Showing there exists $\zeta$ such that $f(\zeta)=f'(\zeta)$ by Rolle's theorem: motivating the definition of an auxiliary function

Question

Problem:

Let $f:[0,1] \rightarrow \Bbb R$ be a continous function that is differentiable on $(0,1)$, and where $f(0)=1$ and $f(1)=e$. Show that there exists $\zeta\in(0,1)$ such that $f(\zeta)=f'(\zeta)$.

So I did this problem with my professor. I first said that I would approach this problem by proving that the only function that fulfills the said function, obviously, is $f(x)=e^x$. (I happened to have seen the proof of that here on MSE). Then he said 'No, don't do that, use something you have learned during the lectures'.

So all we learned in Differentiation was the Mean Value Theorem, Intermediate Value Theorem, and Rolle's Theorem. So in my head, it was obvious that I needed to come up with the solution with one or more of these theorems. I thought for a while, couldn't come up with an answer, and then he gave me a hint: he said you can use Rolle's Theorem to solve it. Then again, I thought for a while and could not think of anything.

Then he gave me another hint: he said to define another function so that you can use Rolle's Theorem. 'You already know the function is $f=e^x$, the new function combined with Rolle's Theorem should help you solve it.' I still don't know how (probably got nervous and couldn't think anymore). Then he gave me the new function:

$$g(x):=f(x)e^{-x}$$ Then I was able to solve the problem by using Rolle's Theorem. It was pretty clear then.

So my question is: How do you go about this kind of problem? I have never seen this type of problem before. I am now afraid that even if I do more and more problems, I am only able to solve similar types of problems, and that if I see something new, I would be lost again. How can I improve?

And I want to do more of these kind of problems, but unfortunately I cannot find many of these kinds of problems.

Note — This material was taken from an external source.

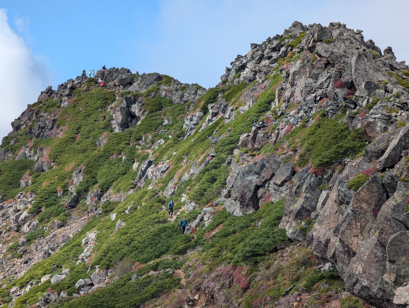 岩山をトラバースしながら山頂に近づく摩利支天山への道。望遠で見ていると、ナイフリッジのような山頂に人がいるけど、随分と狭そう。ここまでの道に比べると狭く険しいためか、剣ヶ峰に比べると登山者の数は全然少ない。

I know this might not be the type of question that I should ask on MSE, but I really don't know what else to do.

Answer 1

Solving the specific problem itself

First notice that $f(x)=e^x$ is not the only function satisfying these conditions. There are an infinite number of smooth curves joining the points $(0,1)$ and $(1,e)$ which are the graph of a function satisfying the conditions in the question.

For a motivated solution to the problem, since we wish to show that there exists $\zeta$ such that $f(\zeta)=f'(\zeta)$ it makes sense to move all expressions to one side of the equation in such a way that Rolle's theorem would help us. Here we get $\frac{f'(\zeta)}{f(\zeta)}=1$ and then $\frac{f'(\zeta)}{f(\zeta)}-1=0$. (We do not have to worry about division by the possibly vanishing $f(\zeta)$ here-- this is just to motivate the definition of a function which we will use later on, and there will be no division by $0$ in the solution.)

To use Rolle's theorem we need $\frac{f'(\zeta)}{f(\zeta)}-1$ to be the derivative of some function, and we recognize the logarithmic derivative on the left so it makes sense to define $g(x)=\log(f(x))-x$. There is a little problem though-- in order to use Rolle's theorem we need $g(x)$ continuous on $[0,1]$ and it is possible that $f(x)\leq 0$ for some $x\in[0,1]$, which would make our $g(x)$ undefined and certainly not continuous. To fix the problem with the domain of $\log x$, define instead $h(x)=e^{g(x)}$ so that we get $h(x)=f(x)e^{-x}$ which is precisely the function your professor advised you to use.

Now $h(0)=1$, $h(1)=1$, and $h(x)$ is continuous on $[0,1]$ and differentiable on $(0,1)$ so by Rolle's theorem there exists $\zeta\in(0,1)$ such that $h'(\zeta)=0$. This means $f'(\zeta)e^{-\zeta} - f(\zeta)e^{-\zeta} = 0$ so $f'(\zeta)=f(\zeta)$ as required.

General remarks

There is a more general question in your post which is how to approach these type of questions in general. It is not possible to give a complete recipe and it is hard to pinpoint what can be meant by 'these type' of questions. However, when it seems like your problem requires the usage of some theorem which needs to operate on a function (such as the intermediate value theorem, Rolle's theorem, or the mean value theorems), it can often be useful to define a function by taking the expression in the statement of that which you are trying to prove and moving everything to one side to get $h(x)=0$, so that the appropriate theorem can be used for this $h(x)$. In applications of Rolle's theorem there is the extra complication that you want the expression on the left hand side to be the derivative of some function, so you define your function to be the antiderivative of the left hand side, as was done above.

If the function you defined does not satisfy the required conditions to use the appropriate theorem then you need to either find another way to move all expressions to one side of the equation (e.g. with subtraction instead of division, or the other way around), or else apply some other trick like the one above where we used exponentiation to get rid of the problem with continuity.